Data below:
################

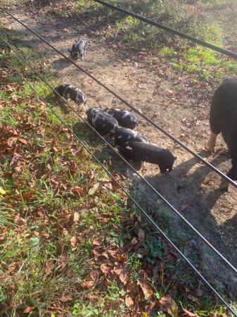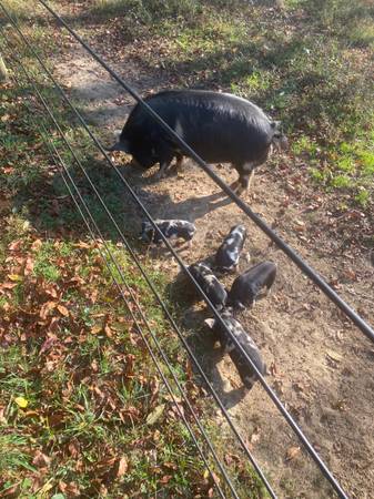 1.5 yr old kune sow and 6 piglets. Piglets are 2 weeks old. This is her first litter, and she didn’t lose any. She has been a great mother. Piglets are 3 girls and 3 boys. Sow respects electric...
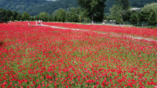 맑은 하늘 아래 붉은 양귀비 꽃밭
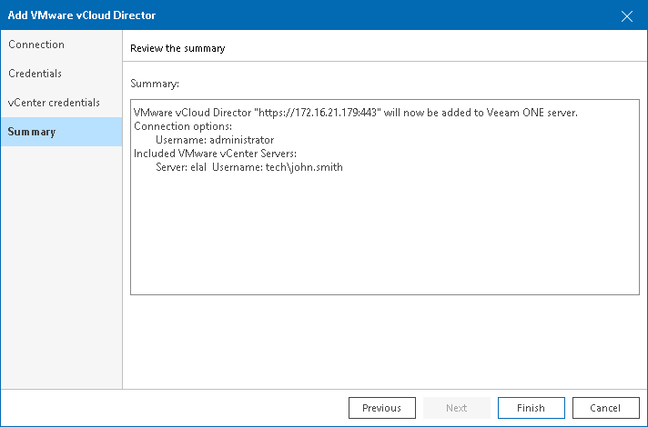 When you connect VMware vCloud Director, Veeam ONE also connects underlying vCenter Servers and initiates data import. vCenter Servers become available in the Infrastructure View, and you can work with them as with regular VMware vSphere infrastructure servers. If the vCenter Server attached to VMware vCloud Director is already connected, Veeam ONE will simply create an association between the VMware vCloud Director hierarchy and the vCenter Server.
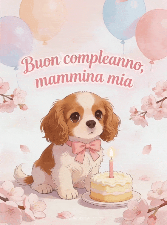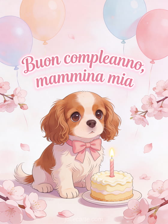 Condividi un saluto tenero di compleanno per la mamma con un dolce cucciolo Cavalier King Charles, un fiocco rosa, una torta con candela, fiori di ciliegio e morbidi palloncini pastello. Puoi inviare anche un biglietto di buon compleanno mamma disegno, un biglietto di breve messaggio di compleanno per mamma o un biglietto di biglietto di buon compleanno per mamma.

################

Your assignment: Only the lines from the top of the material above down to the line bearing "When you connect", that line included, should be set down exactly; no pictures.

Solution for this task:
 1.5 yr old kune sow and 6 piglets. Piglets are 2 weeks old. This is her first litter, and she didn’t lose any. She has been a great mother. Piglets are 3 girls and 3 boys. Sow respects electric...
 맑은 하늘 아래 붉은 양귀비 꽃밭
 When you connect VMware vCloud Director, Veeam ONE also connects underlying vCenter Servers and initiates data import. vCenter Servers become available in the Infrastructure View, and you can work with them as with regular VMware vSphere infrastructure servers. If the vCenter Server attached to VMware vCloud Director is already connected, Veeam ONE will simply create an association between the VMware vCloud Director hierarchy and the vCenter Server.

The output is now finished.